For the following exact sequence, i am trying to proof that it is not split $0\to 2\mathbb{Z} \to \mathbb{Z} \to \mathbb{Z}/2\mathbb{Z} \to 0$
I want to show that for injective function $i : 2\mathbb{Z} \to \mathbb{Z}$
if there exists left inverse $q :\mathbb{Z} \to 2\mathbb{Z} $ , then it would contradict and therefore sequence cannot be split.
but i am having trouble proving it, since $q$ can be $n\mapsto 2n$
pls help :')
The answer that red_trumpet gave is essentially what you are looking for. But I want to add a slightly different approach, which directly contradicts the existence of a left-inverse $q$ to the map $\iota : 2\mathbb{Z} : \mathbb{Z}$.
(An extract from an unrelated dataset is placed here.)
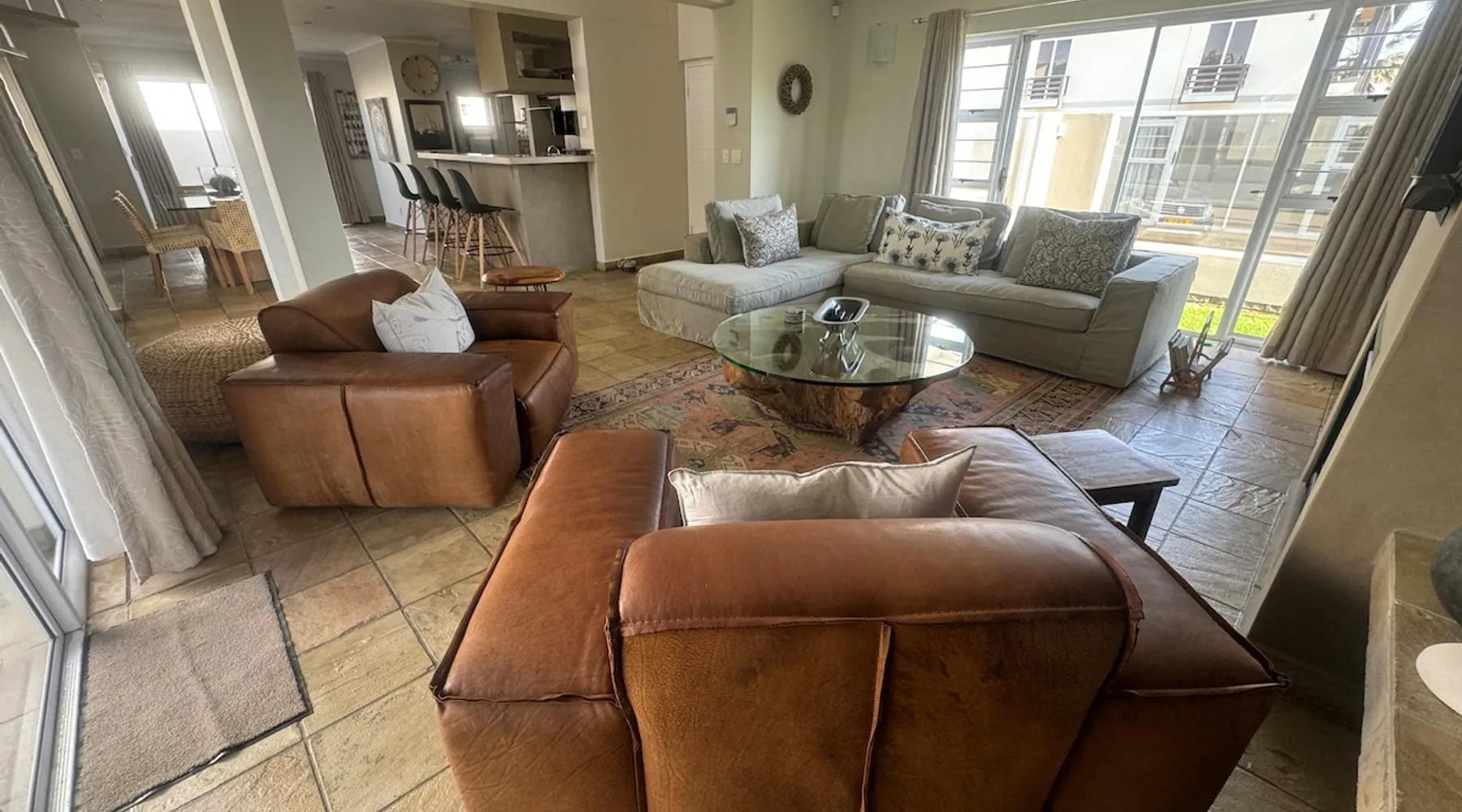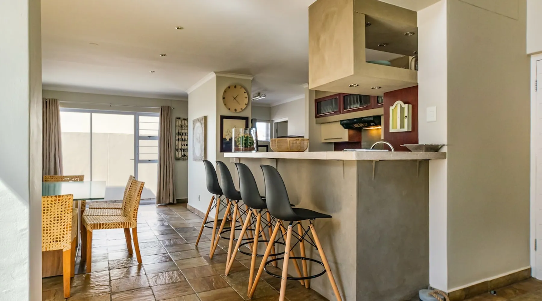 Welcome to your serene escape in this cozy 3-bedroom holiday home just a short walk from the beach. Enjoy tranquil mornings with coffee on the patio, explore the vibrant local area, or simply relax in our comfortable bedrooms after a long day of sun. With ample amenities and easy access to the beach, our home is perfect for anyone seeking relaxation and rejuvenation. Book your peaceful vacation today! The space Possession Island is a duplex house (ground floor and upper floor) which offers a lovely living/dining area which can seat up to 6, open plan fully equipped kitchen, 3 bedrooms , two full bathrooms and separate guest toilet. Outside you have a private patio with seating available and a BBQ The kitchen is fully equipped and offers a dishwasher and washing machine. Free wifi is included in the rate, should guests want to make use of DSTV this can be arrange at an additional cost Guest access Guests will have full access to the entire property downstairs and upstairs, plus a lovely well maitained garden. The property is private and shared with nobody Wifi is included for free, parking is offered in a double lockable garage and ample street parking is offered in front of the garages which is free Other things to note Tuesdays the gardner and garden service will attend to the garden

Suppose there was such a $q$. As $q$ has a right-inverse (namely $\iota$), it is surjective. Now ask yourself where $1$ goes under $q$. Clearly $1$ has to go to a generator of $2\mathbb Z$. But that means that $q(1) = \pm 2$. As any choice uniquely determines the map $q : \mathbb Z \to 2\mathbb Z$, you can now check that for both of these choices $q \circ \iota(2) = q(2) = \pm 4$ is not the identity, hence $q$ is no left-inverse to $\iota$.